NEW YORK, Sept 18 (Reuters) - U.S. antitrust enforcers
are on guard against anticompetitive behavior in the artificial
intelligence sector as part of the Trump administration's plan
to cement U.S. AI dominance, a Department of Justice official
said in New York on Thursday.
Protecting competition in the industry supports innovation,
Assistant Attorney General Gail Slater said at a conference at
Fordham University, signaling that President Donald Trump's
antitrust enforcers are looking out for anticompetitive conduct
and consolidation.
"The competitive dynamics of each layer of the AI stack and
how they interrelate, with a particular eye towards exclusionary
behavior that forecloses access to key inputs and distribution
channels, are legitimate areas for antitrust inquiry," she said.
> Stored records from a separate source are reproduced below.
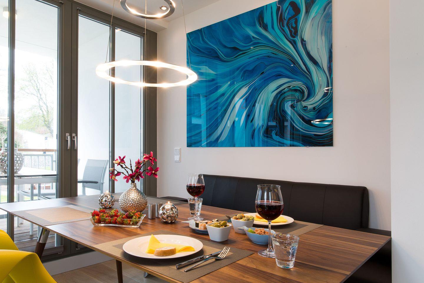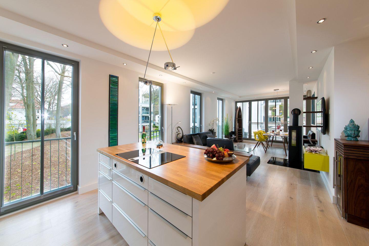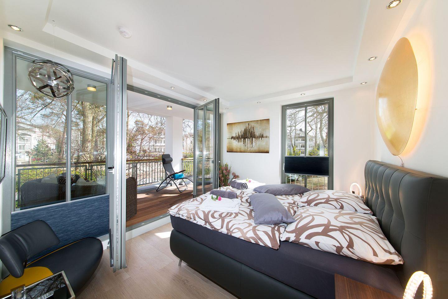 Die lichtdurchflutete Wellness-Suite beeindruckt mit 120m² Wohnfläche, eigener Sauna und Infrarotkabine. Das Appartement hat bodentiefe Balkonfenster in allen Räumen und man kann von den beiden Schlafzimmern und vom Wohnraum aus auf die zur Wohnung gehörenden Balkone gehen. Die Ferienwohnung "Meine Auszeit" ist mit edlen Möbeln von beispielsweise Rolf Benz, Joop!, Leicht und Hülsta ausgestattet. Die Badarmaturen sind von der Marke Dornbracht. Der Eingangsbereich ist mit Garderobenschrank und Schuhschrank ausgestattet und bietet einen ersten Blick in den offenen und stylisch eingerichteten Wohn- und Essbereich. Die Küche ist voll ausgestattet, auch ein Weinkühlschrank mit zwei Kühlzonen steht unseren Gästen zur Verfügung. Eine große Kücheninsel ist ideal, um einen geselligen Kochabend zu veranstalten. WLAN ist in allen Räumen kostenfrei verfügbar.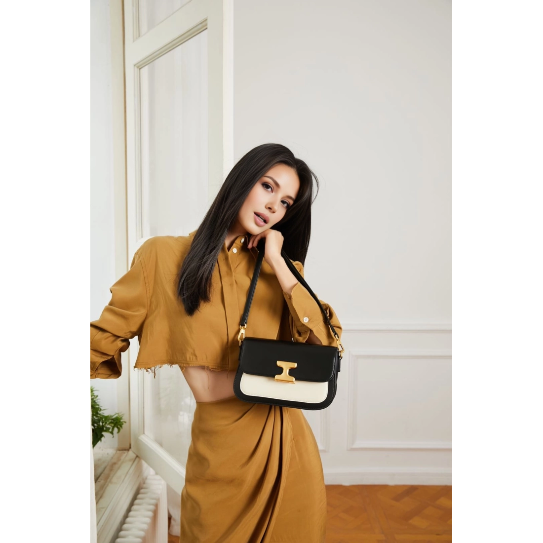 - Fermeture : Rabat avec bouton pression sous une boucle dorée
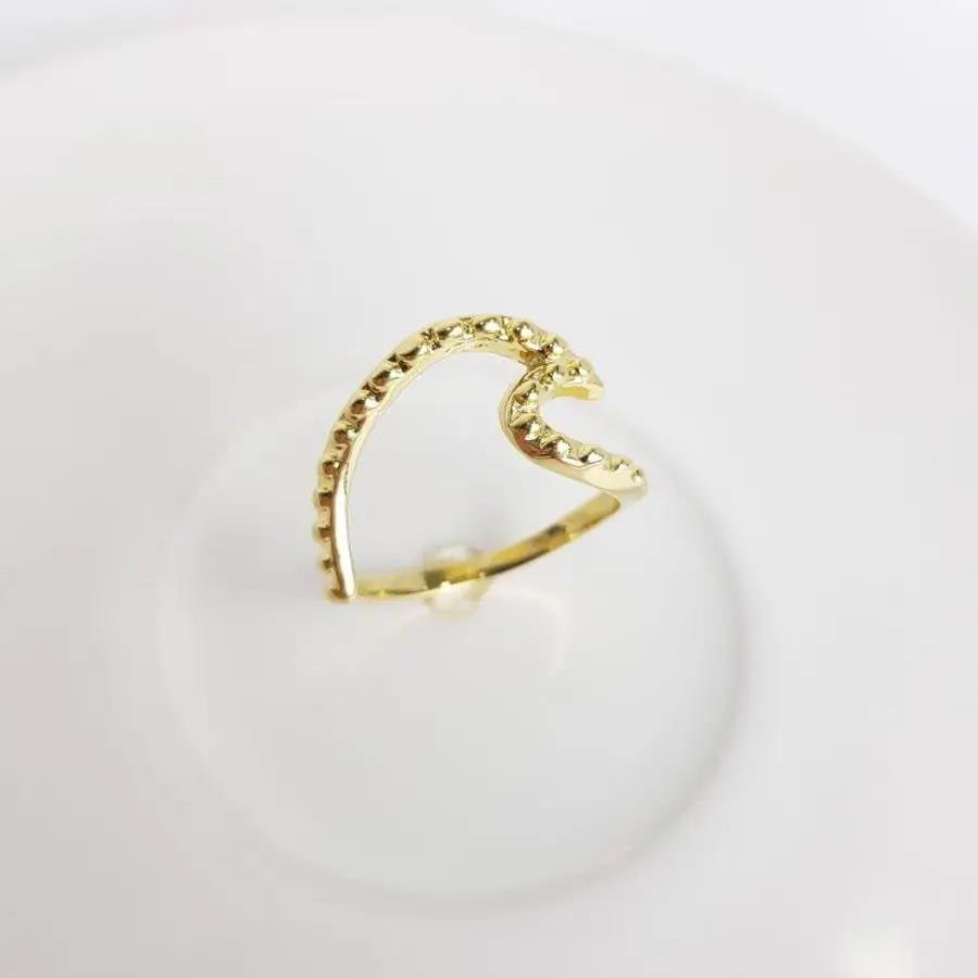 ANEL ENTREMEIO EM ONDA DETALHES EM BOLINHA| BANHADO EM OURO 18K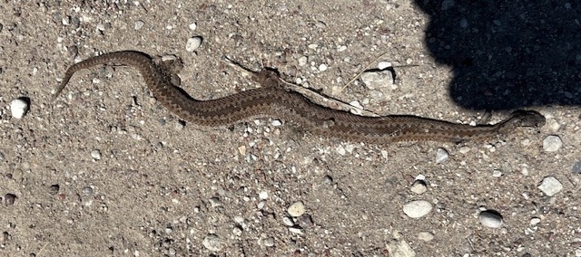 Takaisin tullessamme näimme kyyn poikasen. Valitettavasti oli jäänyt auton alle ja nyt hengetön.

Access to data is one area the DOJ will monitor, Slater said. A
judge in Washington recently ordered Alphabet's Google
to share some of its search data with competitors including AI
companies, in order to boost competition with its online search
engine. Google has said it will appeal.
Slater said that demand for data could drive mergers or
business combinations between companies and their suppliers,
known as vertical integration, "especially in industries where
downstream businesses may have access to valuable and sensitive
data like healthcare data."
"We may also increasingly see the desire to acquire data, or
to deprive rivals of data, play a role in driving transactions,"
she said.
Slater also said that open source AI models can boost
competition, something Trump's AI action plan envisioned as a
way to spread American technology.
"Of course, a truly open-source model must be one that is
not unilaterally maintained by a single vendor that exerts
unwarranted influence and impose restrictions," she said.
Antitrust enforcers during President Joe Biden's administration
expressed similar concerns about AI competition, and scrutinized
Big Tech partnerships with AI startups.